You've heard of the buzzwords Kaizen, Six Sigma, Lean, JIT, and others. They get into the headlines because they are touted as ways to redefine businesses and save companies. Without question, these are valuable tools that manufacturers can implement to maximize profitability. However, one of the most underused tools in the product-launch toolbox that has proven to yield significant and positive results is Design for Manufacturability — DFM.

It's overlooked and undervalued yet can add significantly to the bottom line. For example, a DFM benefit shows up indirectly in terms of improved quality and consistent delivery, as well as directly in terms of reduced costs.

Sadly, many organizations treat DFM as an asterisk on the new-product-launch road map. The million-dollar question is when in the development cycle do you engage manufacturing in DFM activities?

Unfortunately, it is easy to fall into the trap of letting manufacturing engineers evaluate designs late in their development process. The best approach is to engage manufacturers in the design right at the beginning of project. Design and manufacturing engineers must foster a symbiotic relationship for a best design, and it should start as early as the ideation stage. As a general rule, once ideas transfer out of the ideation phase and into CAD models, it is too late. After drafting an idea, an inherent level of inertia squelches the acceptance of valuable ideas from the manufacturing team. A more effective approach is to collectively brainstorm as a group that includes skilled manufacturing engineers to manifest the design at its earliest stage.

A few practical examples

These few ideas suggest what to consider in the group discussions of a DFM program.

Design for ease of assembly, speed, and simplicity. On the manufacturing floor, time is money. Design resources are essentially a fixed cost once the budget is locked. However, depending on the lifecycle and volumes of the product being designed, costs avoided or removed from the product during manufacturing are apparent over the entire life of production. Given adequate sales volumes, the amount of cumulative savings per finished good can far outweigh the cost of the design resources required to produce the savings.

Designing for ease of assembly and time considerations include incorporating component features to assist with the location and translation of parts during assembly whether it is by hand or machine. An objective is to handle components in the same orientation for each production cycle. Without some locating geometry in the component, automation would not be as feasible. In addition, component features should be designed to provide proper part orientation for nesting, fixturing, or directed assembly to ensure that assemblies can only be put together only one way. Time lost by the operator determining proper component alignment is undesirable.

Fool proof the design. It is imperative to design parts with features that prohibit them from being assembled in any other orientation than the one needed. Products are destined for disaster in mass production when components do not have inherent poka-yoke (Japanese for fool-proofing) features for critical product attributes and require that assemblers use only their own judgment in the process. Mating component surfaces, joints, or interfaces in the product design should be considered for fool-proofing. Mating parts should be designed to couple in only one orientation regardless if using hand assembly or automation.

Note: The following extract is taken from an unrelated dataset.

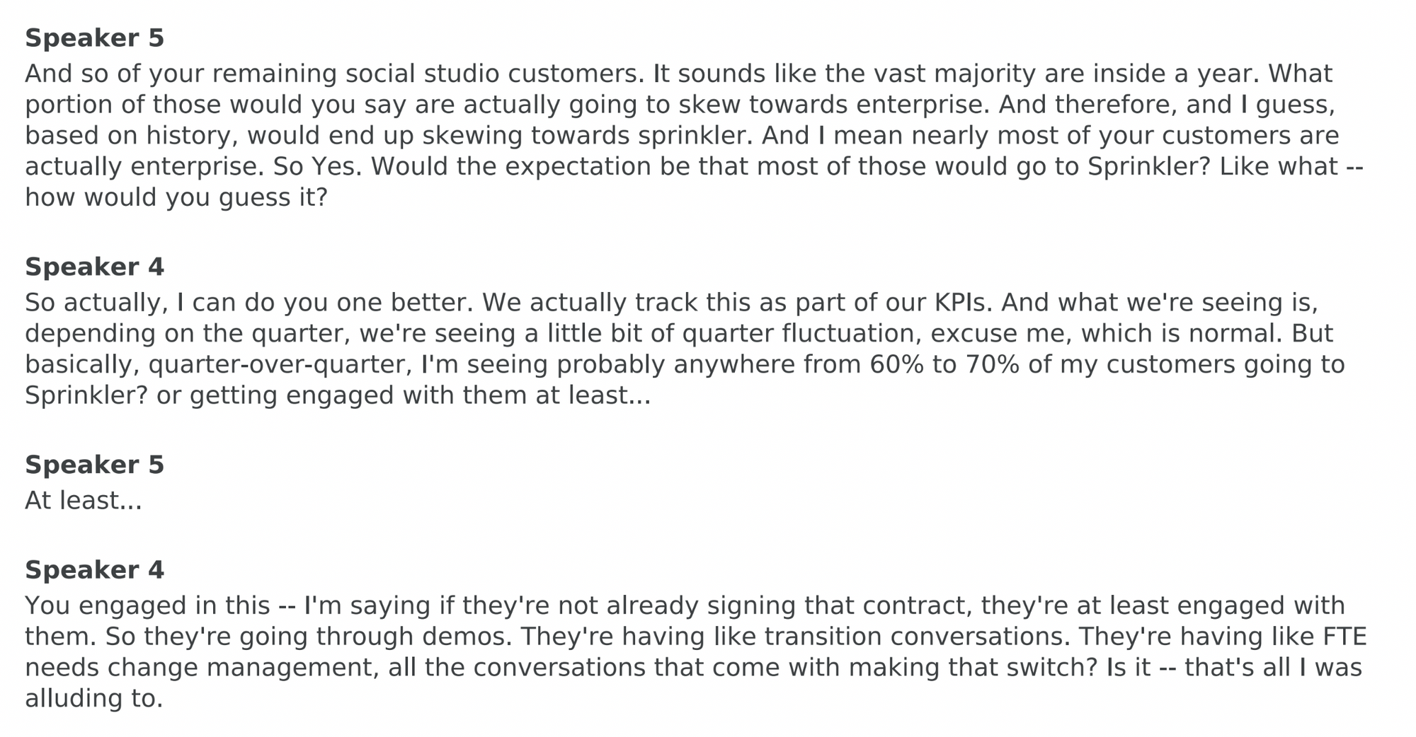 "I think current customer expansions were a challenge because a lot of the companies that we've traditionally done business with, like retailers had done a lot of layoffs. So I came into a lot of accounts that had shelfware because they bought 50 seats of Sprout and then they laid off half their marketing team. So they're like, well we, you know, we're very happy with Sprout, it's a great platform, but we have 20 extra seats here so there's no reason for us to spend additional money on the platform. And sprout doesn't have a lot of like premium add-on offerings. So if if you're not adding seats and they've kind of already got listening or advanced analytics, you don't really have much more in your bag that you can sell a current customer."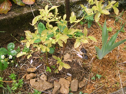 je les ai planté l'annee derniere en automne, la taille du trou je ne m'en souviens pas. Les problemems de ph, je me doutais bien que ca arriverais un jour, je pensais pouvoir y remedier par un apport de souffre, de terre de bruyere, d'aiguille... mais la ca fait vraiment tôt par rapport a mes previsions

Design for assembly consistency and repeatability. Even great engineers can create products that are impossible to process consistently and repeatedly. Avoid variation at all costs when considering component and process stability, and reproducibility. Choose design options that eliminate or minimize component and process variation.

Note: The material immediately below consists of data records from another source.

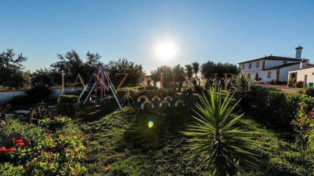 Dieser Alentejo-Hügel ist mit einem Gesamtumfang von 5.000 Metern ummauert. Es verfügt über eine Quelle mit ganzjährig reichlich Wasser, die einen See versorgt, sowie etwa 400 umliegende Hektar, Weideflächen mit Elektrozaun, subventionierte Hundertjahr-Olivenbäume, ein Haus, trockenes Land und Anbauflächen mit Tropfbewässerungssystem.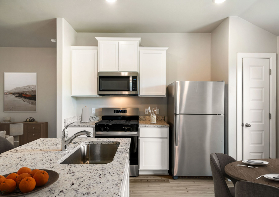 From early morning coffee to hosting friends and family, the Birch kitchen is built to impress and make every moment in the heart of the home feel effortless. Featuring quartz countertops, upgraded wood cabinetry, and stainless-steel Whirlpool® appliances, it combines functionality with modern style. A large center island offers extra space for prepping your favorite meals, entertaining friends or even a quick meal at the breakfast bar.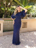 Chic beaded mothers dress with high neckline and gorgeous sleeves.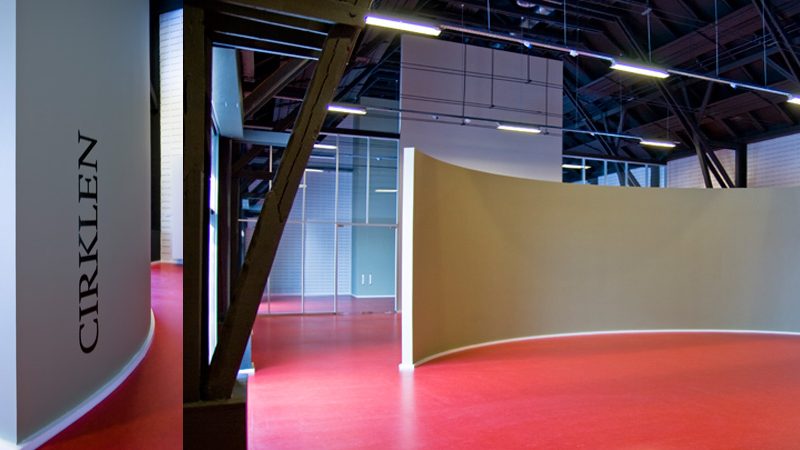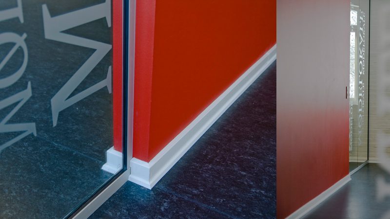 Skiltning indgår som et grafisk element med tryk på glas og store tekster monteret på vægflader.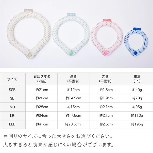 わんちゃんの首元にフィットするようにデザインされ、5種類のサイズをご用意しています。かわいい星柄でカラーも豊富。この夏はぜひ、進化したクールリングで暑さからわんちゃんを守りましょう。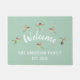 This unique custom doormat is featuring Anna's Hummingbirds on a light emerald green background.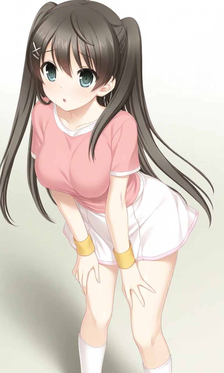 テニスウェア:futaba saki, teal eyes, black hair, long hair, hair ornament, twintails, white skirt, short sleeves, shirt, pink top, sporty pink top, white trim, white tennis skirt, yellow wristband, white socks, tennis shoes,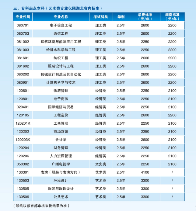 三、专科起点本科(艺术类专业仅限湖北省内招生)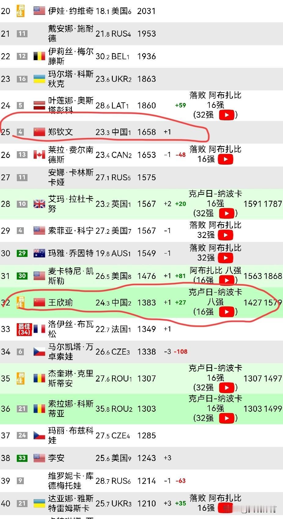 王欣瑜晋级WTA250克卢日-纳波卡站(罗马尼亚)八强,追平职业生涯世界排名最高32,排名直追郑钦文! 王欣瑜在以6-4、6-2战胜瑞士🇨🇭选手丽贝卡·马萨洛娃之后,晋级赛事八强,即时世界排名来到第32,与职业生涯最高排名持平。 袁悦也晋级八强。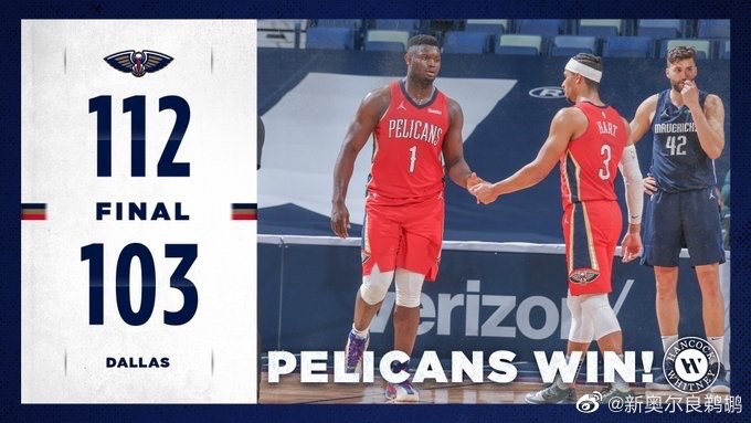 [微博全场集锦] 锡安38+5+6 沃克20分 小哈达威30+5 鹈鹕击退独行侠

For example, if a design requires coupling two injection-molded components, the design team should design snap-fit features into the components rather than bonding with an adhesive. Why? First, because the time to snap fit two pieces is less than applying the adhesive and curing. Second, snap fits avoid application variations such as adhesive voids, or an operator applying adhesive to the wrong place. The benefits in this example are a reduction in cycle time and labor cost, as well as reduction in cost of quality often charged to scrap and rework.

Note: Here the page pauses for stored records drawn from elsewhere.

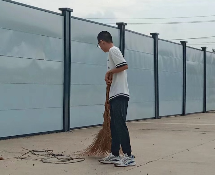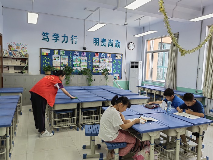 活动期间,有的同学走进社区,清理乱堆乱放物品,清除卫生死角;有的走进小学,协助老师对学生的暑期托管任务;有的走进工厂,打扫车间卫生、对车间垃圾进行分类;有的协助交警一起执勤,进行文明交通劝导、纠正不礼让行为。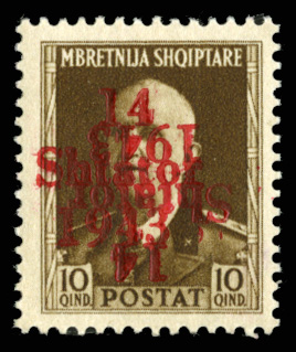 587 nh   imageGERMAN WORLD WAR II OCCUPATION ISSUES German Occupation of Albania (Mi.5DK) 1943 10 Qind, with clear double overprint, one inverted, n.h., v.f., signed Krischke, etc. (Image)
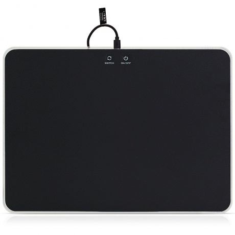 Твёрдый коврик для компьютерной мышки с подсветкой. Прочная нейлоновая плёнка обеспечивает лёгкое скольжение мышки по поверхности. Пластиковая основа позволяет разместить коврик даже на неровной поверхности. Вспененная резиновая подложка препятствует смещению самого коврика. Переключаемая RGB подсветка имеет несколько профилей, сменяемых нажатием кнопки SWITCH: красный, жёлтый, зелёный, голубой, синий, фиолетовый, белый, переливающийся (изменение яркости - нажатие On;Off, отключение подсветки - удержание On;Off).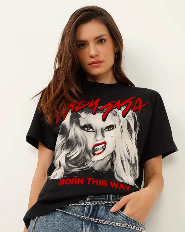 #### A C&A lançará uma coleção especial para celebrar a chegada da cantora Lady Gaga ao Brasil. Por enquanto, apenas uma camiseta está disponível, mas, logo novos modelos serão revelados.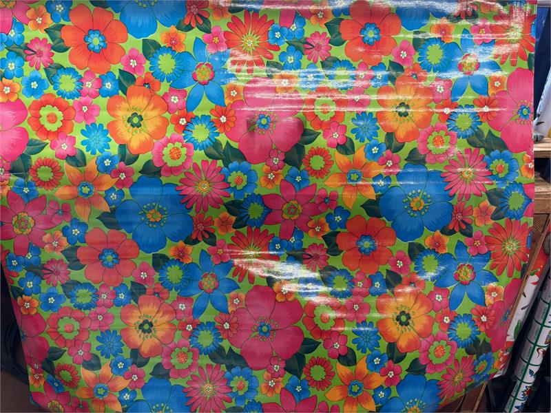 London on Light Blue Oil Cloth, Full Bolt on 12 Yards. Oilcloth yardage that brings to mind the Swingin' 70's in London. Groovy, baby! Great big flowers popping and bright colors inspired by Carnaby Street.

Use off-the-shelf parts instead of those custom designed and built. Design teams should make material choices and use known stable parts to minimize complexity in design and assembly. Using off-the-shelf parts can significantly reduce inventory and final assembly costs. Such components let the manufacturing operation reduce minimum order quantities and inventory storage space, and increase the number of inventory turns.

Trim the bill of material. Total product costs rise with the number of parts in the bill of material. Every design should be reviewed at regular intervals with a fresh-eyes analysis of the product to identify components that can be combined or eliminated. In addition, the design team should consistently review product requirements or goals at regular intervals to ensure that critical design features are not overlooked. These activities can eliminate a situation near launch in which a design must be modified to include an additional feature or function, or eliminate interferences because someone misunderstood the requirements.

This list of DFM activities is not all inclusive, but it describes core DFM activities for most product launches. Each item is valuable, but engaging them later in the design process diminishes their effectiveness.

Assessing the impact that design has on manufacturing is critical when considering the long term quality, costs, and delivery of a new product. Many quality, cost, and delivery issues that occur post-launch are reduced with an efficient product design. The sooner the manufacturing engineering staff is involved in the product development cycle, the better are results for the company.

Of course, manufacturing and design teams share the same goal — to maximize profitability for the company. But it is impossible to achieve this goal with each department working independent of the other. When you hear the phrase, “manufacturing will have to figure that out”, you've found a culture that keeps projects from earning maximum results. Those only come from working in a partnership capacity from the start.